Prometheus Alertmanager Rules

groups:
  - name: certwatch
    rules:
      # Certificate expiring soon
      - alert: CertificateExpiringSoon
        expr: certwatch_certificate_days_until_expiry < 30
        for: 1h
        labels:
          severity: warning
        annotations:
          summary: "Certificate expiring soon"
          description: "{{ $labels.hostname }}:{{ $labels.port }} expires in {{ $value }} days"

      # Certificate expiring very soon
      - alert: CertificateExpiringCritical
        expr: certwatch_certificate_days_until_expiry < 7
        for: 5m
        labels:
          severity: critical
        annotations:
          summary: "Certificate expiring critically soon"
          description: "{{ $labels.hostname }}:{{ $labels.port }} expires in {{ $value }} days"
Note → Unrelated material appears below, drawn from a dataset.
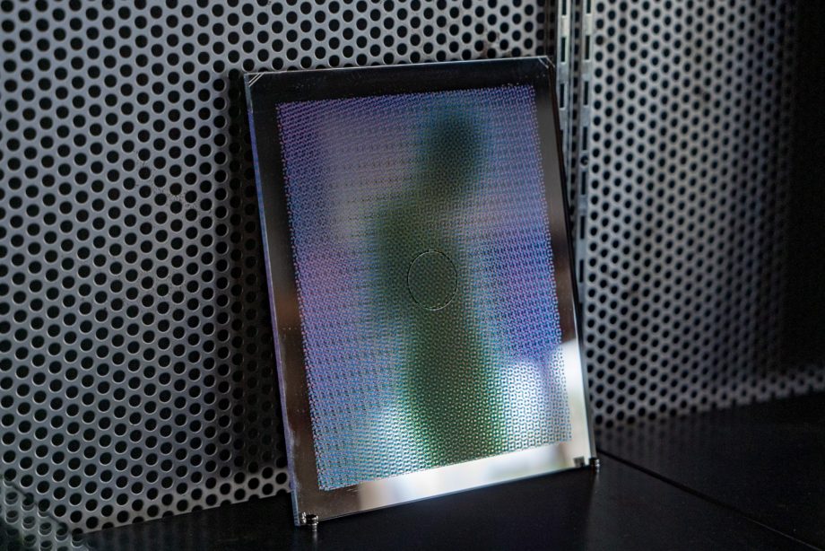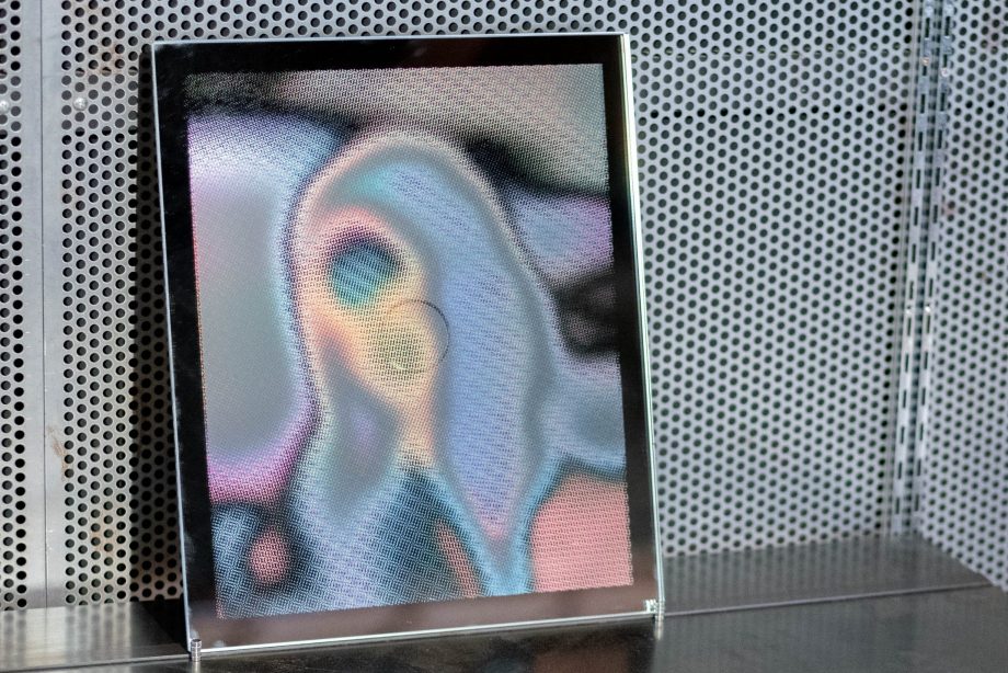 上田:「想像力で画像を迎えに行く」ように、ぼやけていてよく見えないからこそ積極的に対象を見ようとするんじゃないのか、という考えをきっかけに、このシリーズを始めるようになりました。人々は画像を見たいように見ると思いますが、それはまるで心理テストみたいだなと思っていて、今何を考えているのか、どういったものが好きなのか、その時の心情や今まで見てきた記憶といったものまで反映されているようだと思ったことから、(想像で補完された)画像は見る人を映し出す鏡みたいな存在だなということで、ミラーに画像をシルク印刷しました。

      # Certificate invalid
      - alert: CertificateInvalid
        expr: certwatch_certificate_valid == 0
        for: 5m
        labels:
          severity: critical
        annotations:
          summary: "Certificate is invalid"
          description: "{{ $labels.hostname }}:{{ $labels.port }} certificate validation failed"
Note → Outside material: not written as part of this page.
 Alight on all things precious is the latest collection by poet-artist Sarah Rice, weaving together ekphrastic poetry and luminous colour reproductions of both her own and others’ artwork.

      # Chain validation failed
      - alert: CertificateChainInvalid
        expr: certwatch_certificate_chain_valid == 0
        for: 5m
        labels:
          severity: warning
        annotations:
          summary: "Certificate chain validation failed"
          description: "{{ $labels.hostname }}:{{ $labels.port }} has chain issues"

      # Agent not scanning
      - alert: AgentNotScanning
        expr: rate(certwatch_scan_total[10m]) == 0
        for: 15m
        labels:
          severity: warning
        annotations:
          summary: "CertWatch agent not scanning"
          description: "No scans have occurred in the last 15 minutes"

Grafana Dashboard

Create a Grafana dashboard with these panels:

Certificate Overview

# Certificates by days until expiry
sort_desc(certwatch_certificate_days_until_expiry)

# Certificates expiring within 30 days
count(certwatch_certificate_days_until_expiry < 30)

# Invalid certificates
count(certwatch_certificate_valid == 0)

Agent Health

# Scan success rate
rate(certwatch_scan_total{status="success"}[5m]) / rate(certwatch_scan_total[5m])

# Sync success rate
rate(certwatch_sync_total{status="success"}[5m]) / rate(certwatch_sync_total[5m])

# Scan duration (p99)
histogram_quantile(0.99, rate(certwatch_scan_duration_seconds_bucket[5m]))

Disabling Observability

To run without metrics and health endpoints: 
agent:
  metrics_port: 0
  heartbeat_interval: 0
Disabling metrics removes the ability to use Kubernetes health probes. The agent will rely only on process liveness.